** Data **
____

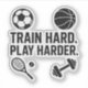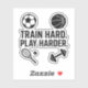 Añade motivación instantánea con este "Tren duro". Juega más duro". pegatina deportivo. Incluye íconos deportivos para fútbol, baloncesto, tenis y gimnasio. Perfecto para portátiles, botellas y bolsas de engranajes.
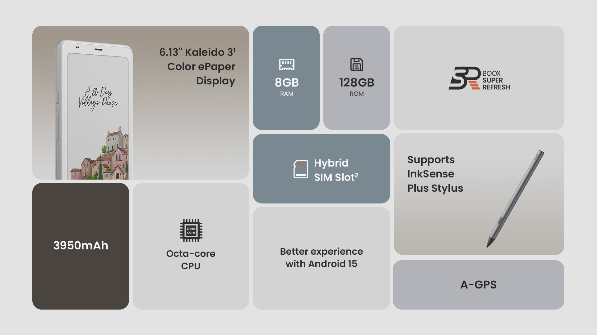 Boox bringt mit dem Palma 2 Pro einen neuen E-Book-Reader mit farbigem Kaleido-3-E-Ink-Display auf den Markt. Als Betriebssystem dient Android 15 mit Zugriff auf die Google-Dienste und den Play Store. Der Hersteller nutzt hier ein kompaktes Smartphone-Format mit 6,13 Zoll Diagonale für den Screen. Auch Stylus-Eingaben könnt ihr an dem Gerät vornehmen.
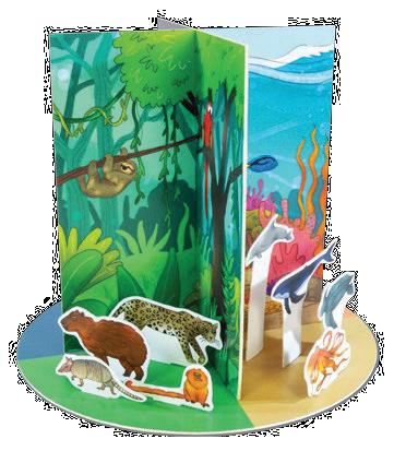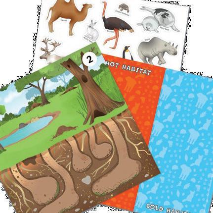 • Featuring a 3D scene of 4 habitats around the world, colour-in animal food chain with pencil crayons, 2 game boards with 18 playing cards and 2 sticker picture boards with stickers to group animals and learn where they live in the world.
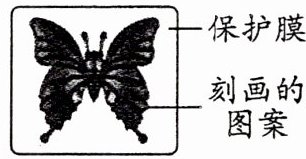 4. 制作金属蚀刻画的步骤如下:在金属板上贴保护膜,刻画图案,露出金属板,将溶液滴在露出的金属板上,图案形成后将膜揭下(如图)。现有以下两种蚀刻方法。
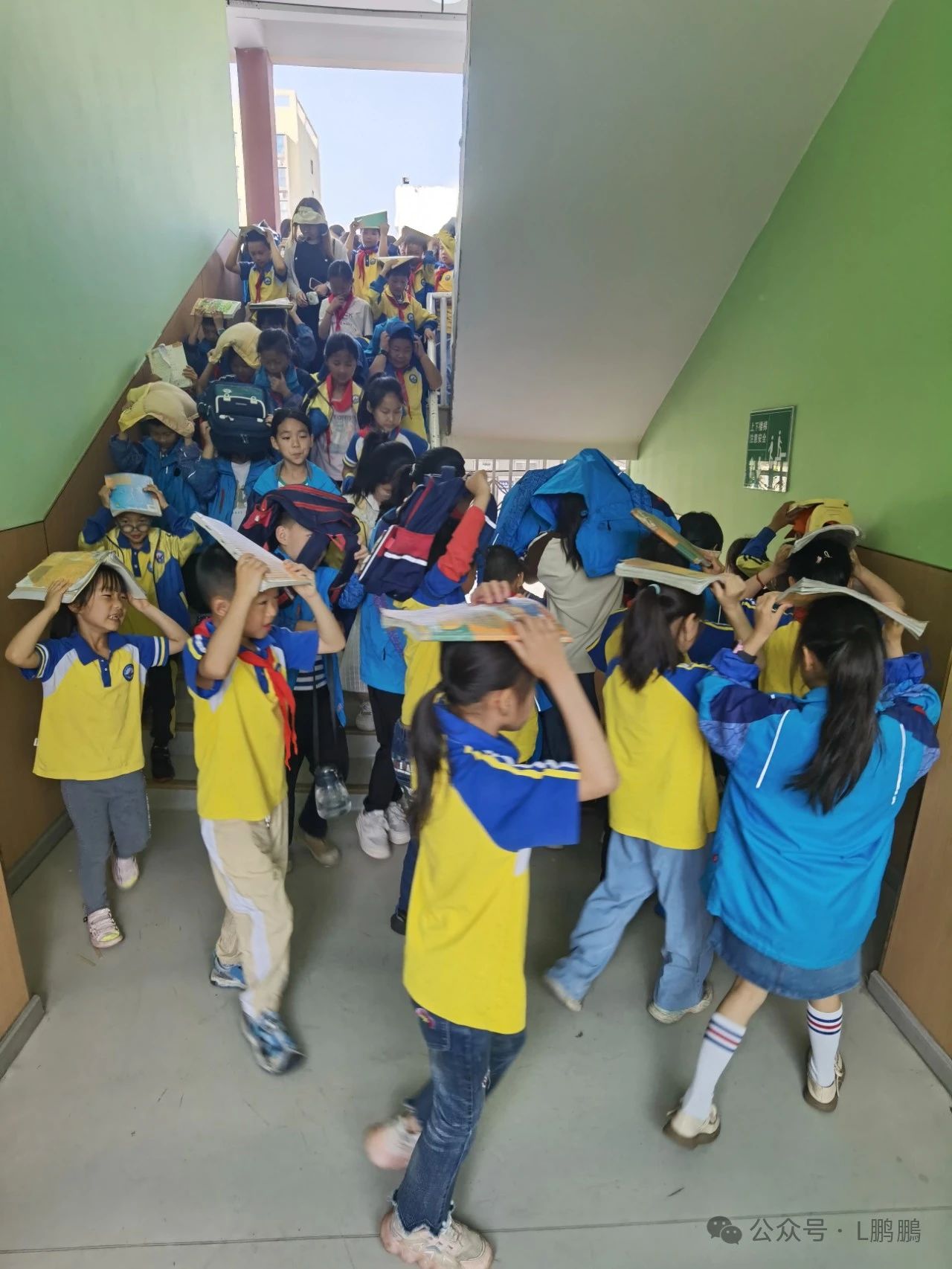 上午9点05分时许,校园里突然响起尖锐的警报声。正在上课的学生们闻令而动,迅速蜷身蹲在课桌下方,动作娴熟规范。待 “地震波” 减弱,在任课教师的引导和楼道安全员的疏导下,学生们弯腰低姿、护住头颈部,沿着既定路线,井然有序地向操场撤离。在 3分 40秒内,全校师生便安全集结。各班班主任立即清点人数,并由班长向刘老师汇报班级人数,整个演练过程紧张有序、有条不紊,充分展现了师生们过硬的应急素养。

____

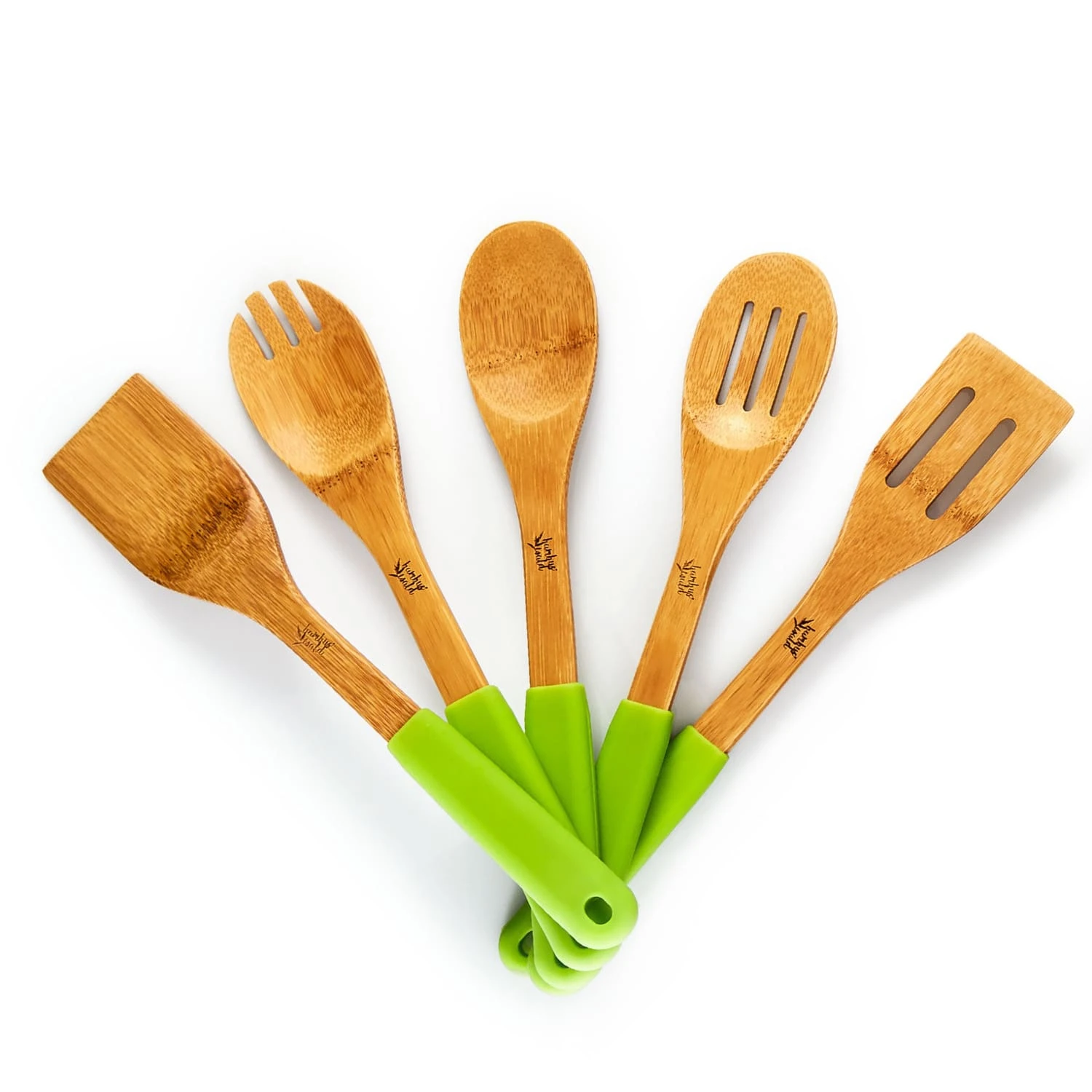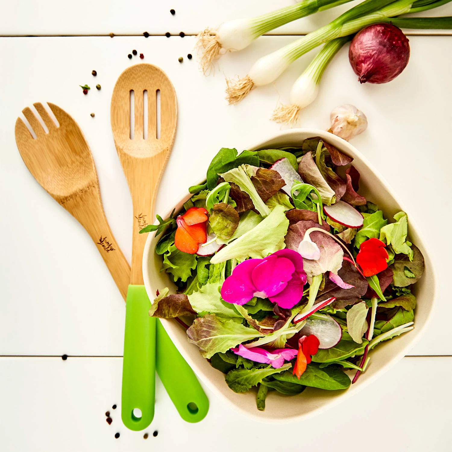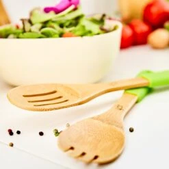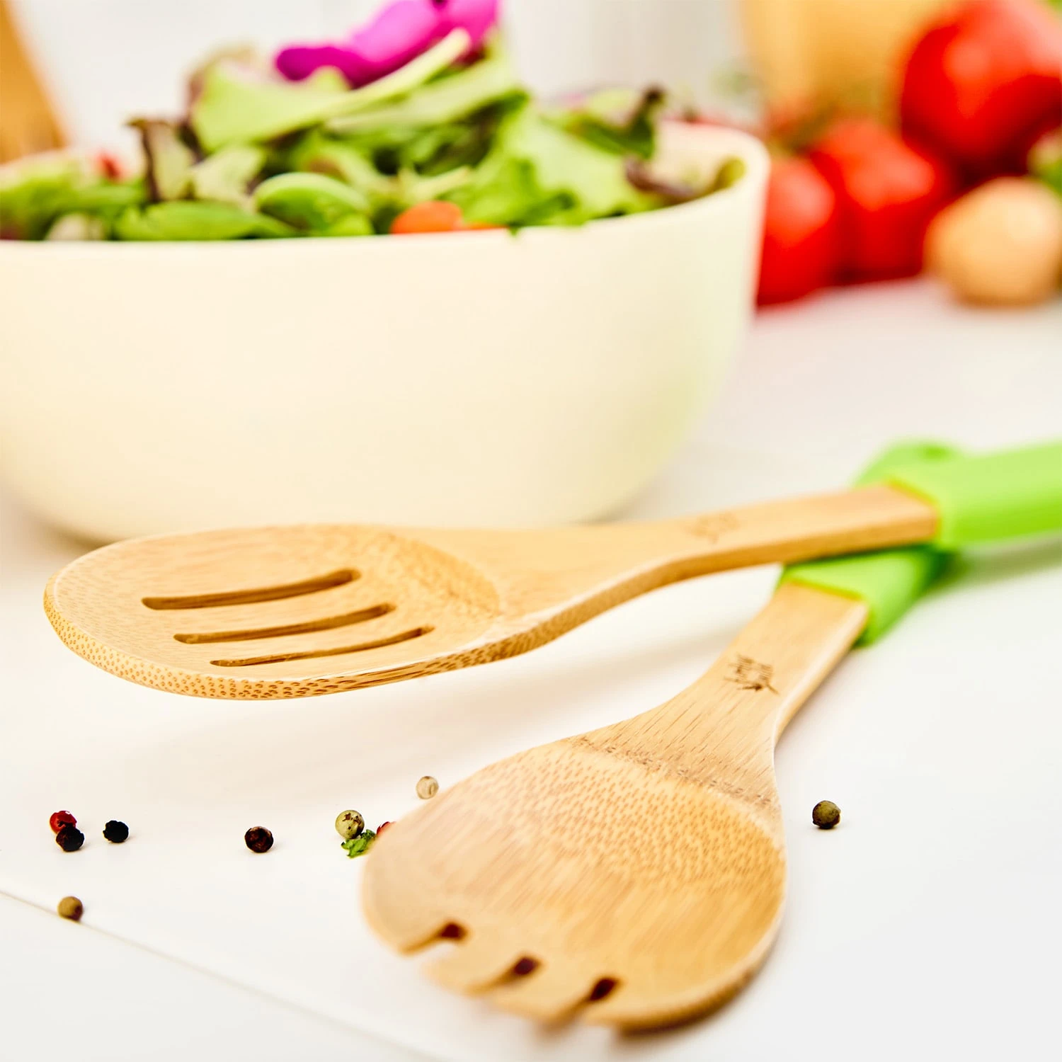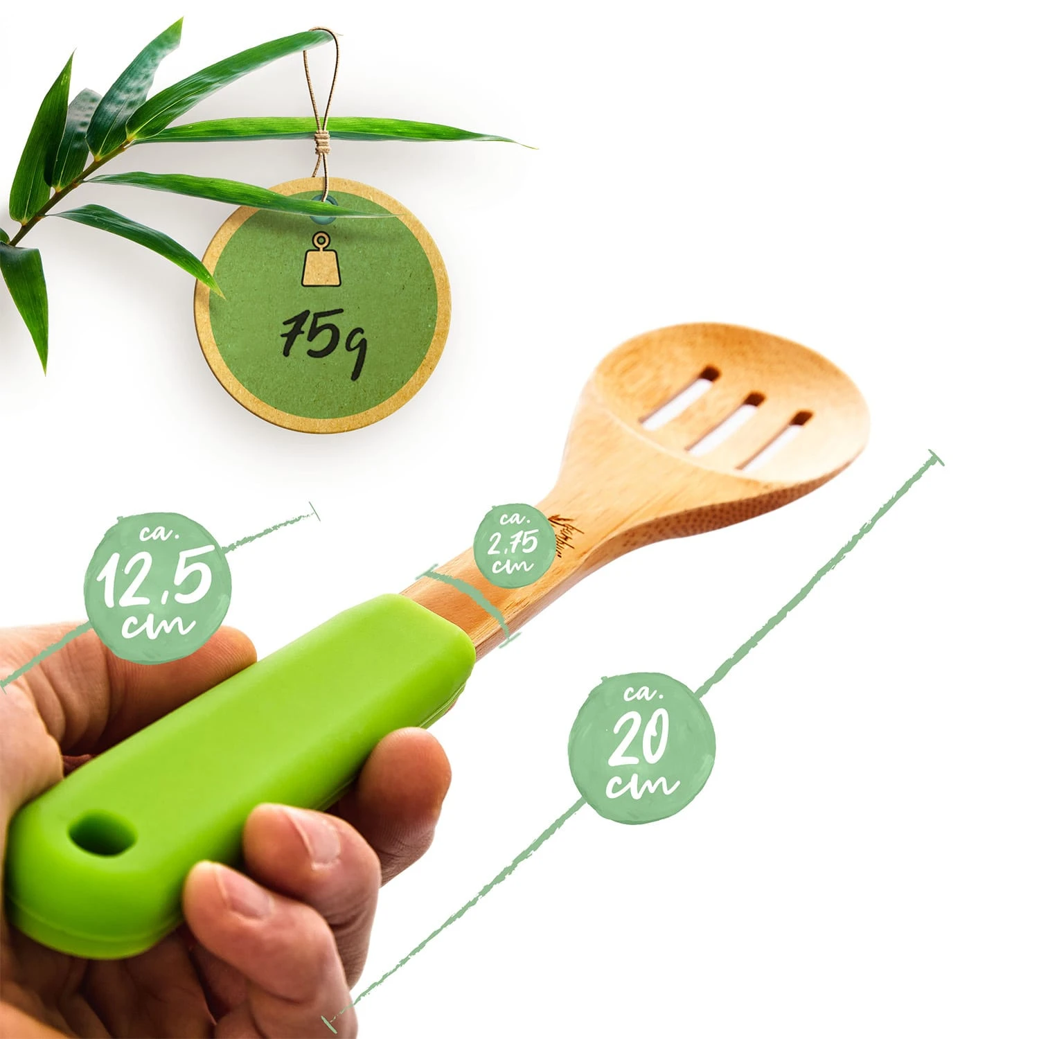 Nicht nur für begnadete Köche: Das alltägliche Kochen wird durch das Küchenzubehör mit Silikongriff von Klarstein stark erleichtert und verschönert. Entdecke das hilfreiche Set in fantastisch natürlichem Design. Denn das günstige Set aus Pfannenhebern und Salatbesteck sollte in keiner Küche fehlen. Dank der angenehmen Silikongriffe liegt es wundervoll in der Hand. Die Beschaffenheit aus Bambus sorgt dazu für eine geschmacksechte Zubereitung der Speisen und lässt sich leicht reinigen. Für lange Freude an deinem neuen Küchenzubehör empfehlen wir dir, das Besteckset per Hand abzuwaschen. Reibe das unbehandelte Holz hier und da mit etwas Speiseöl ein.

____

** What is expected **
Exact repeat of the material above: every line from the one with "Añade motivación instantánea" through the one with "4. 制作金属蚀刻画的步骤如", endpoints included, and nothing more. No pictures.

** Task answer **
 Añade motivación instantánea con este "Tren duro". Juega más duro". pegatina deportivo. Incluye íconos deportivos para fútbol, baloncesto, tenis y gimnasio. Perfecto para portátiles, botellas y bolsas de engranajes.
 Boox bringt mit dem Palma 2 Pro einen neuen E-Book-Reader mit farbigem Kaleido-3-E-Ink-Display auf den Markt. Als Betriebssystem dient Android 15 mit Zugriff auf die Google-Dienste und den Play Store. Der Hersteller nutzt hier ein kompaktes Smartphone-Format mit 6,13 Zoll Diagonale für den Screen. Auch Stylus-Eingaben könnt ihr an dem Gerät vornehmen.
 • Featuring a 3D scene of 4 habitats around the world, colour-in animal food chain with pencil crayons, 2 game boards with 18 playing cards and 2 sticker picture boards with stickers to group animals and learn where they live in the world.
 4. 制作金属蚀刻画的步骤如下:在金属板上贴保护膜,刻画图案,露出金属板,将溶液滴在露出的金属板上,图案形成后将膜揭下(如图)。现有以下两种蚀刻方法。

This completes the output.